2. SimpleCryptoOperation: AESCiphering, ECPublicKeyCrreating. A single shot
of execution.
3. CompoundCryptoOperation: a composite (a la compositte design pattern) of
single operation. The executor of the operation will get the output of the
first operation as input of the second operation.
4. CryptoProcessor: An executor of cryptographic operation (simple or
composite) potentially may be local or remote. The CryptoProcessor is the
interface.
5. OpenSSLCryptoProcessor: this the backend of the CryptoProcessor
6. PKCS11CryptoProcessor: this is the backend for any PCKS11 device for the
processor. For example Luna SafeNet HSM, Thales HSM or SoftHSM.

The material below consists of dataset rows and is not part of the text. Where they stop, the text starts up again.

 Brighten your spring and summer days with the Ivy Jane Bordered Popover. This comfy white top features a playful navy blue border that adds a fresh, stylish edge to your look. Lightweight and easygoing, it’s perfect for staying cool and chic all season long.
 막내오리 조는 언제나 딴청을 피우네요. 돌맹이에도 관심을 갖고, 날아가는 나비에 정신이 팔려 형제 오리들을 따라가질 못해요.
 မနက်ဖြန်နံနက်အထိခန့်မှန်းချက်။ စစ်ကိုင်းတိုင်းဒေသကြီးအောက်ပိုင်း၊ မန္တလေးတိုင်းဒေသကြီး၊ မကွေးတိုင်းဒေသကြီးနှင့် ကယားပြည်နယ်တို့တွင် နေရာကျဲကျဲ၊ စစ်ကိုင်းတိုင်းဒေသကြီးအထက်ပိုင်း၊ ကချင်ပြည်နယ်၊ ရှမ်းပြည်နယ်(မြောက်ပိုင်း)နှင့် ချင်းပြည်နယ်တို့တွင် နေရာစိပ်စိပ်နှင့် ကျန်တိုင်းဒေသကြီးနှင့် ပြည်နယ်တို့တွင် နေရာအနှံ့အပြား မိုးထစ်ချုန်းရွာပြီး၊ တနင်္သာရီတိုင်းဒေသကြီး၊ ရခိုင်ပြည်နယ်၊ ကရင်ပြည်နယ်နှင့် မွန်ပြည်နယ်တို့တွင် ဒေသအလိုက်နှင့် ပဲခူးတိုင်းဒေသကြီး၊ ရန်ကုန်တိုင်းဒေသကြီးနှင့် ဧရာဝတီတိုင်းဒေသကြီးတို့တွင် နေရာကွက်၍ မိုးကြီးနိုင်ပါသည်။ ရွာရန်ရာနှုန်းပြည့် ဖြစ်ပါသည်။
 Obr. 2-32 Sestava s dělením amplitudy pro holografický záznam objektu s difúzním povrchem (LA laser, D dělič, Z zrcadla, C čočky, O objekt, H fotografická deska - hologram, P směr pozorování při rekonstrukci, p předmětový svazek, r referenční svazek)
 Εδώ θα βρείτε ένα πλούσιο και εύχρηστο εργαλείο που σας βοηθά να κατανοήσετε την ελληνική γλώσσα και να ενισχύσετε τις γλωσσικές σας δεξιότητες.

Is this kind of effort needed or appreciated in the context of Common
Crypto?
Any comment? This is essentially a request for comment.

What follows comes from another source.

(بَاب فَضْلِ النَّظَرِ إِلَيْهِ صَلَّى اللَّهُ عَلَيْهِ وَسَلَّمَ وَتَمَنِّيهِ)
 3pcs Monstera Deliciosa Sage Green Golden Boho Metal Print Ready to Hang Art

RE: [CRYPTO] High level API for Common crypto

["Chen, Haifeng" <ha...@intel.com>]

Hi Giorgio,
Sure please fire JIRA if you like. Folks can discuss in the JIRA.

-----Original Message-----
From: Giorgio Zoppi [mailto:giorgio.zoppi@gmail.com] 
Sent: Monday, May 16, 2016 4:23 PM
To: Commons Developers List <de...@commons.apache.org>
Subject: Re: [CRYPTO] High level API for Common crypto

Hello Heighen,
I extened a bit the concept (gold plating). The ideal thing is to create an extension as you did at OpensslNative.c that supports pkcs11. Can i provide a JIRA and do the same thing, maintaining the same interface?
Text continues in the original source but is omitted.